[easyazon_image align=”left” height=”333″ identifier=”0374123047″ locale=”US” src=”https://englewoodreview.org/wp-content/uploads/2015/12/51z135qpZwL.jpg” tag=”douloschristo-20″ width=”221″]The Death of Elite Culture?
A Review of
Notes on the Death of Culture: Essays on Spectacle and Society
Mario Vargas Llosa.
Hardback: FSG Books, 2015
Buy now: [ [easyazon_link identifier=”0374123047″ locale=”US” tag=”douloschristo-20″]Amazon[/easyazon_link] ] [ [easyazon_link identifier=”B00Q20AU02″ locale=”US” tag=”douloschristo-20″]Kindle[/easyazon_link] ]

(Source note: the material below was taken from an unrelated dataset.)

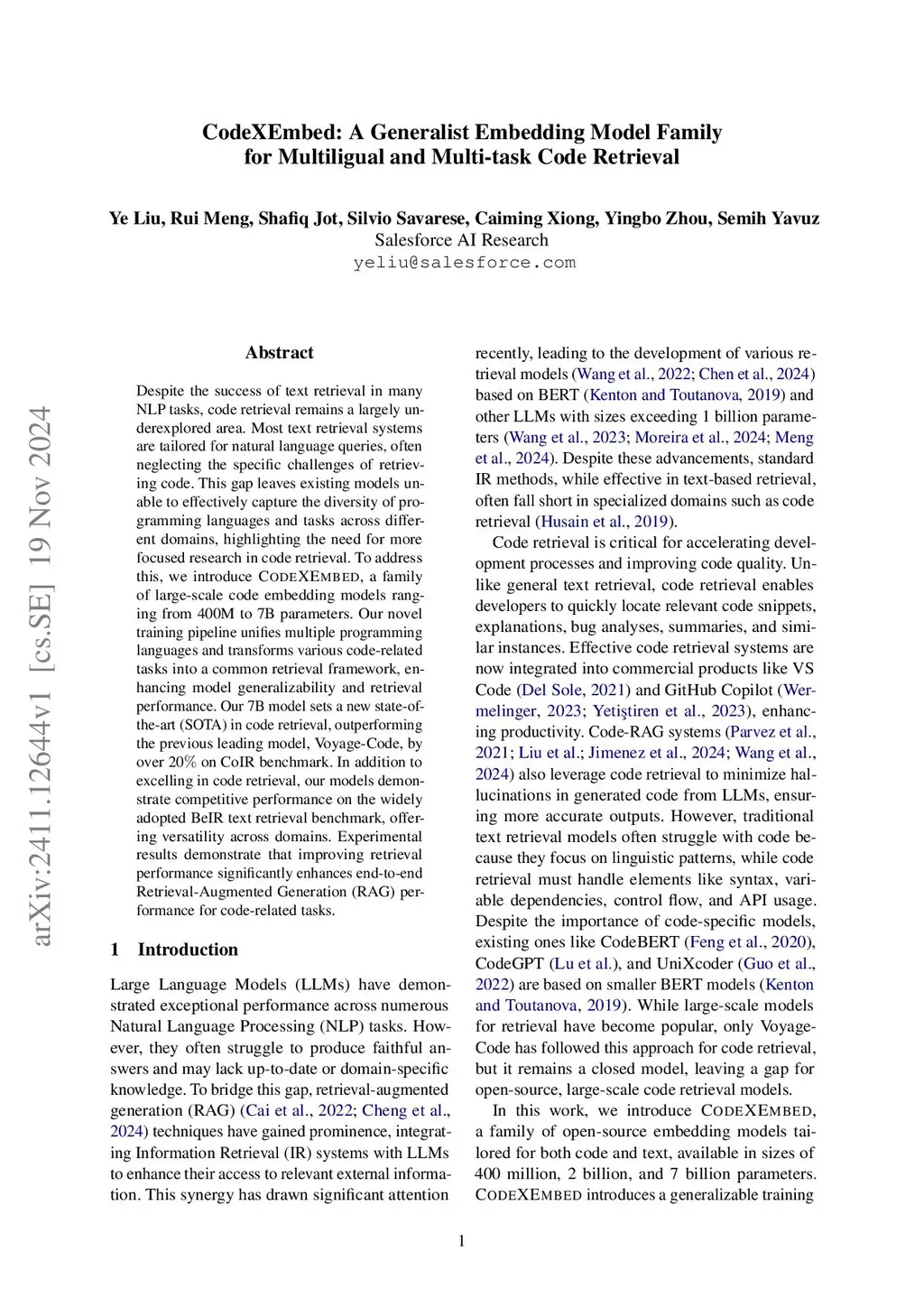 CodeXEmbed: A Generalist Embedding Model Family for Multiligual and

Reviewed by Jon M. Sweeney
*** This review originally appeared in our quarterly, print magazine ***
Are you a subscriber?
T. S. Eliot wrote nearly seven decades ago: “Only a Christian culture could have produced a Voltaire or a Nietzsche. I do not believe that the culture of Europe could survive the complete disappearance of the Christian faith.” Eliot’s point was made again by European thinkers and church leaders in 2002-03 when the EU constitution was drafted without any mention of faith. Whenever such discussions arise, I always find it strange that the heritage of bloody violence, anti-Semitism and antipathy toward women and minorities that are also central to the cultural heritage of Christianity in the West go unacknowledged.
I also think that most bemoaning about the present, wishing it were more like the past, is sure to find willing ears, but is also just as assuredly a waste of time. Where Eliot was somewhat prophetic seventy years ago, Mario Vargas Llosa, the Spanish novelist and winner of the 2010 Nobel Prize in Literature, comes across as a crank in his new book, Notes on the Death of Culture, which isn’t concerned so much with the loss of Christianity in culture as the loss of a cultural elite.

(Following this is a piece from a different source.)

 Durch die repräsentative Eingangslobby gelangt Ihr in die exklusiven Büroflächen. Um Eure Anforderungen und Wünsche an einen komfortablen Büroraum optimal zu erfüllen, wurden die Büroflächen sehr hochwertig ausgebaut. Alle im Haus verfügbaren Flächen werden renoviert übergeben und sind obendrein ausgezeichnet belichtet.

Vargas Llosa is bothered by the fact that civilization is now defined by, as he calls it, “the spectacle,” or, entertainment. More noble values such as cultural literacy, political awareness and certain virtues gained by reading of serious books, are slowly fading away. This is largely true, and I, too, am worried as I watch it happen. But I wouldn’t protest or cry as loudly about the transformation as he does. For one thing, I think the evidence for cultural change is always selective, and often spurious. But more importantly and more honestly, I don’t have that much to lose.
To certain literati of an older generation, culture was guided, benevolently and grandly, by a guarded elite. Their literary journals and endowed lectureships nurtured them. They were honored for their ability, so they believed, to think disinterestedly about the meaning of life, art and beauty. The Nobel laureate Vargas Llosa has a lot to lose, most of all, his standing; what is a great writer without the respect he craves? He writes from the perspective of one from whom something precious and personal has been snatched away. How dare the Oprah Winfrey Show, he cries at one point, decide the success of a book, in the way that the critic Edmund Wilson once did with an essay in The New Yorker or The New Republic?

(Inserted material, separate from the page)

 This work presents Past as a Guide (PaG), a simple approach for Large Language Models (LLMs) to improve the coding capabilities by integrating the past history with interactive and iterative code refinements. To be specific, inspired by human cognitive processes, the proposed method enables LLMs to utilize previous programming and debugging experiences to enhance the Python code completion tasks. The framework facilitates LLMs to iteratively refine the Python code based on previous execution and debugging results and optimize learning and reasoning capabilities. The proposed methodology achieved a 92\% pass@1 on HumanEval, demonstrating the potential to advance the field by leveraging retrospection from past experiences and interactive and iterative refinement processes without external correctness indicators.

He frequently resorts to straw man arguments not unlike those heard all the time in newsrooms, university offices and publishing houses, where pride and standing are always being battered by new media:
The essential difference between the culture of the past and the entertainment of today is that the products of the former sought to transcend mere present time, to endure, to stay alive for future generations, while the products of the latter are made to be consumed instantly and disappear, like cake or popcorn. Tolstoy, Thomas Mann…wrote books that looked to defeat death, outlive their authors and continue attracting and fascinating readers in the future. Brazilian soaps, Bollywood movies and Shakira concerts do not look to exist any longer than the duration of their performance (20-21).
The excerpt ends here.